Господи, как смешно звучит, но ведь это факт.

Ровные, ровные дни, середина лета. Почему-то кажется, что это будет серединой всего. Именно сегодня — самый ровно-счастливый день моей жизни. Если раньше хотелось дальше и больше, то теперь — нет. Закрываю глаза, а там солнце. Golden Slumbers.

Провожу дни в блаженном безделье. Поглощаю ириски, Платона и Винни-Пуха. Все вместе идет замечательно. Вчера приезжала Нинка, мы проболтали до четырех утра о тех девочках, которым надо, чтобы было чуточку хуже, если все идет как нельзя лучше. Потом я до пяти читала «Когда смеются боги», она подсунула. Говорит, с ней было то же самое, или почти было. Как это — почти было?

Остаток ночи мне снился Гарик. Смеясь, он говорил, что две три трети населения земного шара умирает от болезней сердца, а я крепко держала его за руку, чтобы он не исчез, как эти две трети.


В понедельник мы с Г. Г. слонялись в Сокольниках и я опять расстроила его своей болтовней на тему идеального брака. Больное место у нас. Удивительно — еще никакого брака, а уже больное. Что же дальше-то будет?

Бесчувственная ты, Ася. Сердце у тебя есть? Или только поперечно-полосатая сердечная мышца? Ты сама поперечнополосатая. То да, то нет. Как оса. Ужалила — и улетела.


Нет, мой хороший, я с тобой. А того, черта узкоглазого, я забыла, забыла. Повторять как мантру. Говорят, что если быть настойчивым, получается все. Или почти все.

Учиться?

Учиться было легко, даже слишком. Поначалу я просто не могла понять, чем люди заняты.
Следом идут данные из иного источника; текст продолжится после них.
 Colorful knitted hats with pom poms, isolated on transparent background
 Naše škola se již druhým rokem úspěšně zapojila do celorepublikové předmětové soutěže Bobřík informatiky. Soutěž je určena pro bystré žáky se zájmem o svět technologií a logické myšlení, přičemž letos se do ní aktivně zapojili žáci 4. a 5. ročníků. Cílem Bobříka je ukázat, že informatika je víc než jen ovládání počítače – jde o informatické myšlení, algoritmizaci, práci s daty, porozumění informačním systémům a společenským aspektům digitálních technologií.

Первого сентября к нам на семинар пришел импозантный мужчина по фамилии Воробьев, сел верхом на парту и начал рассуждать о Сократе. Единственное, что было при нем — это пачка сигарет, которую он положил на стол. Его руки заметно дрожали. Говорил он красиво, вдохновенно, в пиковые моменты речи воздевая дрожащий перст к небу. Душа это всадник, а тело — конь. Мы управляем собой, как опытный всадник управляет лошадью. Но что такое душа и как ее изучать? Где, собственно говоря, ее вещество? Бессмертная Психея, легкая субстанция огня, или, быть может, воды? Кто был прав, Фалес или Анаксагор, или, чего доброго, Анаксимандр?.. Вспомните потоки дождя у Тарковского, это один из возможных ответов.

(В аудитории — благоговейное молчание. Экстаз. Аудитория внимает Учителю.)

— Я, кстати, был с ним знаком, — небрежно добавил Воробьев, — и как-то раз решил спросить, отчего в его фильмах столько воды…

— А он? — выдохнули девушки восхищенно.

(Девушек и правда было много, слишком много.)

— Ответил уклончиво, мне кажется, он и сам до конца не осознавал… Я вам сейчас объясню…

И объяснил. Доступно, непротиворечиво и артистично. Поговаривали, что Воробьев когда-то учился в школе-студии МХАТ и до сих пор не пренебрегает уроками актерского мастерства. Половина курса была без ума от Воробьева, вторая половина — от его вечного конкурента по фамилии Пузырей, бородатого методолога-интеллектуала, который слыл любимым учеником Мамардашвили и обращал первокурсников в мамардашвилианство. Мы занимались по учебнику, на котором было написано «психология воробьев [и] пузырей». Это комичное название вполне соответствовало тому, что мы изучали и как. Если у нас семинар, то почему никто не пишет на доске? не решает задач? Если лекция, то почему Воробьев верхом на парте, а девчонки задают глупые вопросы — а вот у меня… а я знаю, был такой случай… а как объяснить, если снится сон, который потом сбывается, и т. д…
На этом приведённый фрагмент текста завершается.